Il disco, nonostante le 14 tracce, infatti ha un’ossatura robusta, una postura dritta, capace di declinare la paura sotto tanti punti di vista, con tanti toni, sfumature e una coerenza tematica che richiama anche i precedenti lavori; si passa dall’ammettere che tutti hanno paura, alla paura che si può incutere, alla paura dell’incompletezza, del futuro (ricorrente nella sua discografia) di coppia e del singolo, la paura dei commenti fatti a cuor leggero, del non saper reggere le aspettative e molto altro ancora.
Le ballate si alternano a brani che, insieme alle venature di critica sociale, smorzano i toni e sono anche utili a ricordarci che Ernia è uno dei pochi artisti post-2016 che ancora si mantiene ancorato alla matrice Hip Hop e Rap nascondendo in ogni lavoro richiami testuali, o ritmici, a flow storici, riplasmandoli però a modo suo.
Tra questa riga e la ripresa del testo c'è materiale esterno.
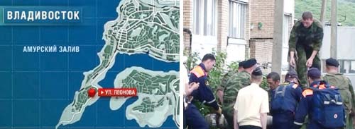 Празднование Дня Военно-Морского Флота, который отмечается 26 июля, началось с ЧП. Во Владивостоке в газон близ девятиэтажного жилого дома по улице Леонова, 64 врезалась болванка, выпущенная с корабля, находящегося в Амурском заливе.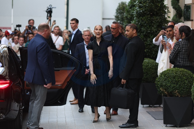 Céline Dion à la sortie de l'hôtel Royal Monceau à Paris avant l'ouverture des Jeux Olympiques (JO) de Paris 2024, à Paris, France, le 24 juillet 2024. Céline Dion leaving the Royal Monceau hotel in Paris before the opening of the Paris 2024 Olympic Games (JO), in Paris, France, July 24, 2024.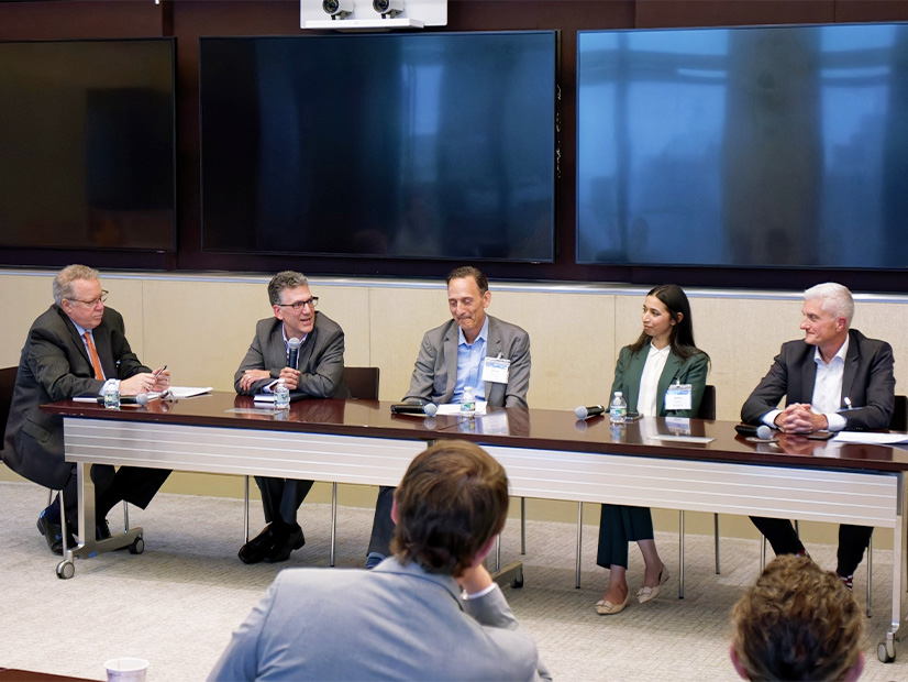 From left, William Hollaway of Gibson Dunn & Crutcher, Phil Toia of the New York Power Authority, Stuart Nachmias of Con Edison Transmission, Asha Gandhi of EnergyRe and Donald Jessome of Transmission Developers Inc. are shown at the Energy Bar Association...s 2023 Northeast Chapter Annual meeting June 14 in New York City. | © RTO Insider LLC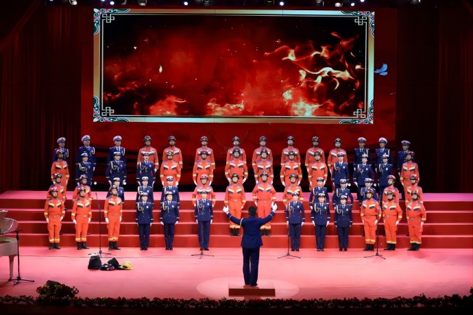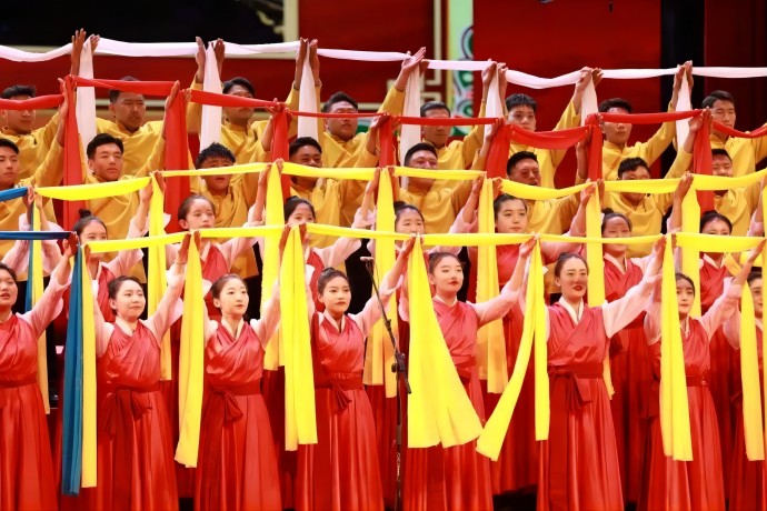 “朋友!你到過(guò)黃河嗎?你渡過(guò)黃河嗎?你還記得河上的船夫拼著(zhù)性命和驚濤駭浪搏戰的情景嗎?如果你已經(jīng)忘掉的話(huà),那么你聽(tīng)吧!”由58人組成的西藏開(kāi)投集團參賽隊以一曲《保衛黃河》,唱響了黨領(lǐng)導全國人民走過(guò)的風(fēng)雨歷程,唱出了戰勝敵人、奪取勝利的激情。

La stessa fluidità dell’artista si rimanifesta nel disco stesso che si fa contenitore di generi: l’R&B di brani più leggeri riesce a stare in piedi da solo (vedi “Il Mio Nome” in cui compare il campione di “Say My Name” delle Destiny’s Child) e a mischiarsi al rap più picchiato (vedi “Tutti Hanno Paura” con Marco Mengoni, uno degli artisti R&B italiani più forti di sempre, che accompagna tre strofe rap con un ritornello d’altissimo valore canoro). Compaiono le chitarre ora rock ora indie, ora blues, così come le percussioni, di numerosi generi; Sixpm e Junior K hanno fatto un lavoro impressionante dal punto di vista strumentale.
L’album porta con sé la capacità di fotografare e incidere su disco un sentimento collettivo quasi impossibile da esorcizzare e lo fa in una maniera incredibilmente capillare: ci sono hit di tutte le salse, adatte a qualsiasi tipo di fruizione, capaci di piantare dei semi in ogni contesto – “Acqua Tonica” con Geolier spaccherà Tik Tok, segnatelo- , da quello più social a quello più personale, con brani da condivisione pubblica a brani da ascoltare intimamente.
Dietro a tutto il tessuto narrativo e musicale si nasconde la reale possibilità di aver realizzato un prodotto pronto ad entrare negli spacchi fertili delle cortine di cemento d’attenzione odierne che, con l’audacia di provare a mettere radici negli ascoltatori, può ambire a diventare una pietra fondante, di alto consumo ma anche di lunga durata, della sua discografia. Più che “Ernia quello di Superclassico”, spero che venga ricordato come Ernia, un rapper che con “Io non ho paura” ha fatto un classico istantaneo.